GIVEN MATERIAL Block Start
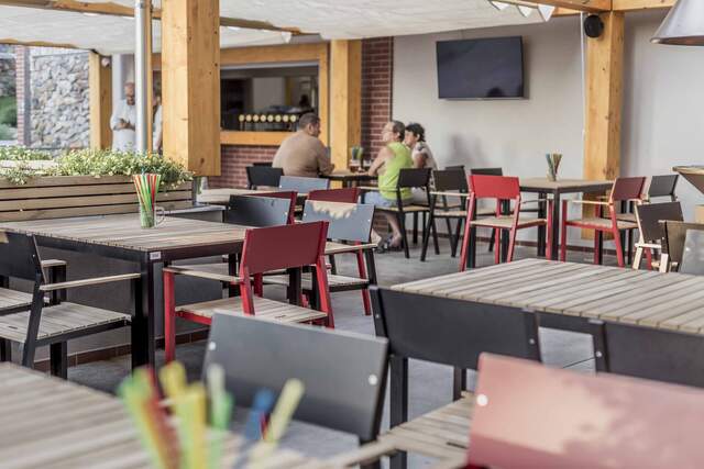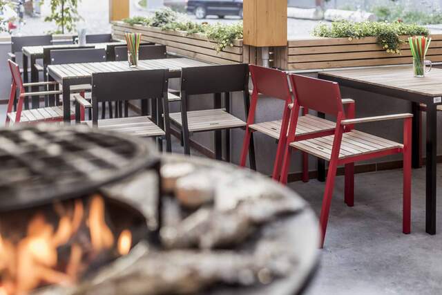 Powder-coated aluminum alloy structure, seat made of wood, optionally treated with oil, backrest made of high pressure laminate (HPL)
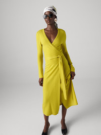 Crafted from a soft cashmere wool blend, the Astrid Wrap Dress has a cozy feel. A bestseller year after year, this piece has a simple, polished look that can be dressed up or down. - 30% Cashmere 70% Merino Wool - V-neckline - Long sleeves - True wrap closure - Midi length Size & Fit Isha is 5'10" and is wearing a size XS Fabric & Care Ultra soft and warm. 70% Merino Wool, 30% Cashmere
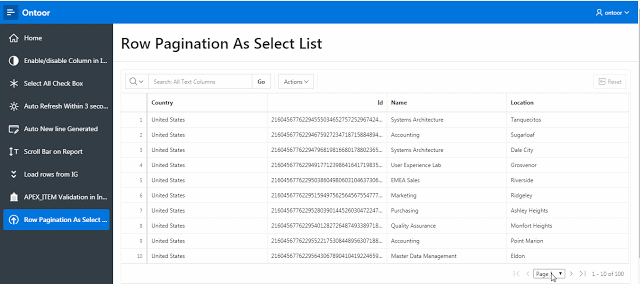 Set Row Pagination As Select List In Interactive Grid Oracle APEX
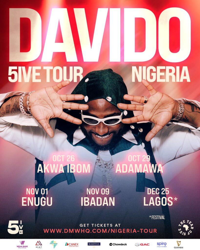 The 5IVE TOUR NIGERIA promises to be more than just concerts—it’s a personal tribute to his homeland, a moment to unite his fans under one vibrant rhythm. Davido’s connection with Nigeria shines through every beat and lyric, making this tour an intimate experience for everyone involved. It’s not just for the world to witness; it’s a love letter to his people.
GIVEN MATERIAL Block End
Starting at the line containing "Crafted from a" and stopping at the line containing "Set Row Pagination", output each line exactly as it appears above. Leave out the pictures.

*SOLUTION TO THE PROBLEM*.
 Crafted from a soft cashmere wool blend, the Astrid Wrap Dress has a cozy feel. A bestseller year after year, this piece has a simple, polished look that can be dressed up or down. - 30% Cashmere 70% Merino Wool - V-neckline - Long sleeves - True wrap closure - Midi length Size & Fit Isha is 5'10" and is wearing a size XS Fabric & Care Ultra soft and warm. 70% Merino Wool, 30% Cashmere
 Set Row Pagination As Select List In Interactive Grid Oracle APEX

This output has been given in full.